Israeli government spokesman Mark Regev would not confirm an agreement, insisting that the Jewish state required "not just words but actions".

"If indeed there is a cessation of terrorist attacks, if indeed there is an end to the military build-up in Gaza, if indeed there is movement on the issue of Gilad Shalit, this indeed will be a new reality."

The last was a reference to an Israeli soldier held by Hamas since his capture in a deadly cross-border raid by Gaza-based militants two years ago.

Amos Gilad, a top aide to Defence Minister Ehud Barak, was heading to Cairo for talks with Egyptian intelligence chief Omar Suleiman aimed at finalising the truce agreement, Israeli army radio said.

Egypt has been mediating indirect talks between Israel and the main Palestinian armed factions for months in a bid to secure a truce and lift a year-old Israeli blockade of the aid-dependent territory.

Israel has said it is willing to give the truce a chance, but stressed it was also readying its troops for a possible ground offensive aimed at ousting Hamas should the agreement fail.

And a top commander warned ahead of the Egyptian announcement that any ceasefire would have its limitations.

"If a truce is achieved with Hamas and the terrorist groups in the Gaza Strip, it would be temporary and fragile," said General Yossi Baidatz, who heads the military intelligence research division.

Hamas, whose charter calls for the destruction of the Jewish state, said the proposed truce would include the lifting of the blockade Israel imposed on Gaza and the opening of border crossings.
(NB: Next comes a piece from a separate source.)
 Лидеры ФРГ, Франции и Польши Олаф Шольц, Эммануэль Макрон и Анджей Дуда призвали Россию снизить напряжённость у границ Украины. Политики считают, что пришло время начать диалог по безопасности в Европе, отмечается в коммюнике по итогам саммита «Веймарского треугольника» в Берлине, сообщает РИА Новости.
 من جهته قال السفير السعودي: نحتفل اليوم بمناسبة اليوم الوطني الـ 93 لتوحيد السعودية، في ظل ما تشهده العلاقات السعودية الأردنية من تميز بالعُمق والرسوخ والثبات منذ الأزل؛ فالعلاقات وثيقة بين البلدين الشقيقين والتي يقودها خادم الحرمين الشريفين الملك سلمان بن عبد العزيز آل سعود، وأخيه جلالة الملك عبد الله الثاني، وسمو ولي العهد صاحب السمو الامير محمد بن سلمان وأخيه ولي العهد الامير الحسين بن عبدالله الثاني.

Israel has said a truce must also include a halt to weapons smuggling from Egypt.

As Egypt urged the Palestinian factions to strike a deal among themselves that would clear the way for the reopening of the Rafah crossing, a delegation from Abbas's Fatah movement travelled to Gaza in the first such trip since Hamas's bloody takeover.

It remained unclear whether the delegation would meet Hamas officials.
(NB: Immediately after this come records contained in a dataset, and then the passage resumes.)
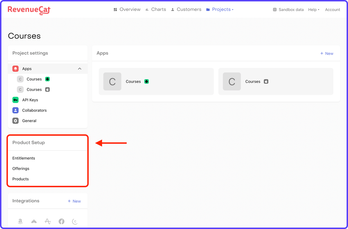 You will find these configuration levels on the left menu of the RevenueCat dashboard under the section Product Setup: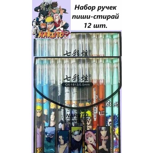 Набор ручек пиши-стирай Naruto, ручки гелиевые Наруто 12 шт. + подарок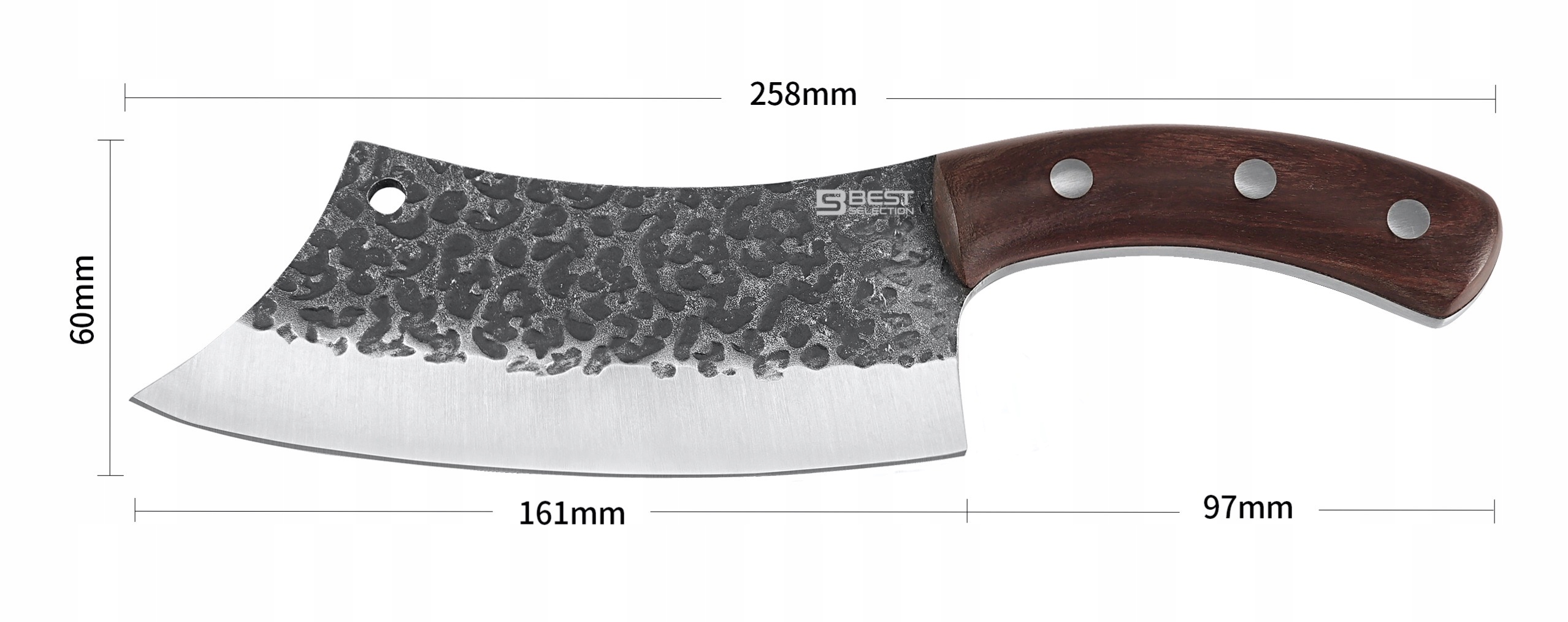 Деревянная часть объятия - это эргономичная, прочная ручка для лезвия из нержавеющей стали. Перекрестная часть является наиболее важным элементом каждого ножа. Ничего после этого инструмента, если вы не порезаете его даже с очень мягким мясом животных. В случае предлагаемой кассеты из лучшей серии вы можете ожидать, что нож, который не только быстро и точно будет вырезать пищу, такую как овощи, но и будет справляться практически с любым типом мяса животных . Ничто не ограничит вас на вашей кухне с помощью нашего Кливера.

"We will meet with any active power in this country and with any party that wants to meet with us to discuss any issue," Hakmat Zeid, heading the delegation, told reporters in Gaza City.

Relations began to thaw earlier this month when Abbas called for national dialogue without insisting that Hamas first return Gaza to his control.

The European Union and the United States continue to blacklist Hamas as a terrorist organisation despite its 2006 victory in parliamentary elections and have refused to deal with any Palestinian Authority that includes the group.